*** Opening DATA BELOW ***
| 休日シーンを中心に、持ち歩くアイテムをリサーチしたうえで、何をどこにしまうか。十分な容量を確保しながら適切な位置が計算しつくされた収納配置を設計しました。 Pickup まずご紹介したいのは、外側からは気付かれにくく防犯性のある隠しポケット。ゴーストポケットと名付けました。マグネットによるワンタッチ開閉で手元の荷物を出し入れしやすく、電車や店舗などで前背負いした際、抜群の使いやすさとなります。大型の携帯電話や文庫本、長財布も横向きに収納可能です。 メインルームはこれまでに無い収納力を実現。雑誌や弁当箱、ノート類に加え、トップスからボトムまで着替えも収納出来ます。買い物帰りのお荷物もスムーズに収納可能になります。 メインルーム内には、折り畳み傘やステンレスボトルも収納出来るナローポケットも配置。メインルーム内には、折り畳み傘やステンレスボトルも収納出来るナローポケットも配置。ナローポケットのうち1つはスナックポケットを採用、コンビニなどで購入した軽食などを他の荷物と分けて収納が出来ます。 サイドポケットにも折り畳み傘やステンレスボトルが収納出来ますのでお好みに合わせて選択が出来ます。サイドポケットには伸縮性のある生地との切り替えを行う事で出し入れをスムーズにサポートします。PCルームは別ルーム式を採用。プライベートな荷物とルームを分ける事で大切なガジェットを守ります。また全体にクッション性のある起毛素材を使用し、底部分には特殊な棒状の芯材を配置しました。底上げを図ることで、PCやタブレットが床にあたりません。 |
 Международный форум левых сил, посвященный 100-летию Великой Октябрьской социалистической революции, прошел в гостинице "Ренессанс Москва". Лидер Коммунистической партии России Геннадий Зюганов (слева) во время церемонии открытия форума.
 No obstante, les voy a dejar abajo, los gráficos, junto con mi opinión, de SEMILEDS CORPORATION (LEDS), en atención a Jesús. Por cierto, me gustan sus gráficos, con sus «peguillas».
*** Closing DATA BELOW ***
TASK TO CARRY OUT: Return every line of the listing, word for word.

RESPONSE TO THIS TASK:
| 休日シーンを中心に、持ち歩くアイテムをリサーチしたうえで、何をどこにしまうか。十分な容量を確保しながら適切な位置が計算しつくされた収納配置を設計しました。 Pickup まずご紹介したいのは、外側からは気付かれにくく防犯性のある隠しポケット。ゴーストポケットと名付けました。マグネットによるワンタッチ開閉で手元の荷物を出し入れしやすく、電車や店舗などで前背負いした際、抜群の使いやすさとなります。大型の携帯電話や文庫本、長財布も横向きに収納可能です。 メインルームはこれまでに無い収納力を実現。雑誌や弁当箱、ノート類に加え、トップスからボトムまで着替えも収納出来ます。買い物帰りのお荷物もスムーズに収納可能になります。 メインルーム内には、折り畳み傘やステンレスボトルも収納出来るナローポケットも配置。メインルーム内には、折り畳み傘やステンレスボトルも収納出来るナローポケットも配置。ナローポケットのうち1つはスナックポケットを採用、コンビニなどで購入した軽食などを他の荷物と分けて収納が出来ます。 サイドポケットにも折り畳み傘やステンレスボトルが収納出来ますのでお好みに合わせて選択が出来ます。サイドポケットには伸縮性のある生地との切り替えを行う事で出し入れをスムーズにサポートします。PCルームは別ルーム式を採用。プライベートな荷物とルームを分ける事で大切なガジェットを守ります。また全体にクッション性のある起毛素材を使用し、底部分には特殊な棒状の芯材を配置しました。底上げを図ることで、PCやタブレットが床にあたりません。 |
 Международный форум левых сил, посвященный 100-летию Великой Октябрьской социалистической революции, прошел в гостинице "Ренессанс Москва". Лидер Коммунистической партии России Геннадий Зюганов (слева) во время церемонии открытия форума.
 No obstante, les voy a dejar abajo, los gráficos, junto con mi opinión, de SEMILEDS CORPORATION (LEDS), en atención a Jesús. Por cierto, me gustan sus gráficos, con sus «peguillas».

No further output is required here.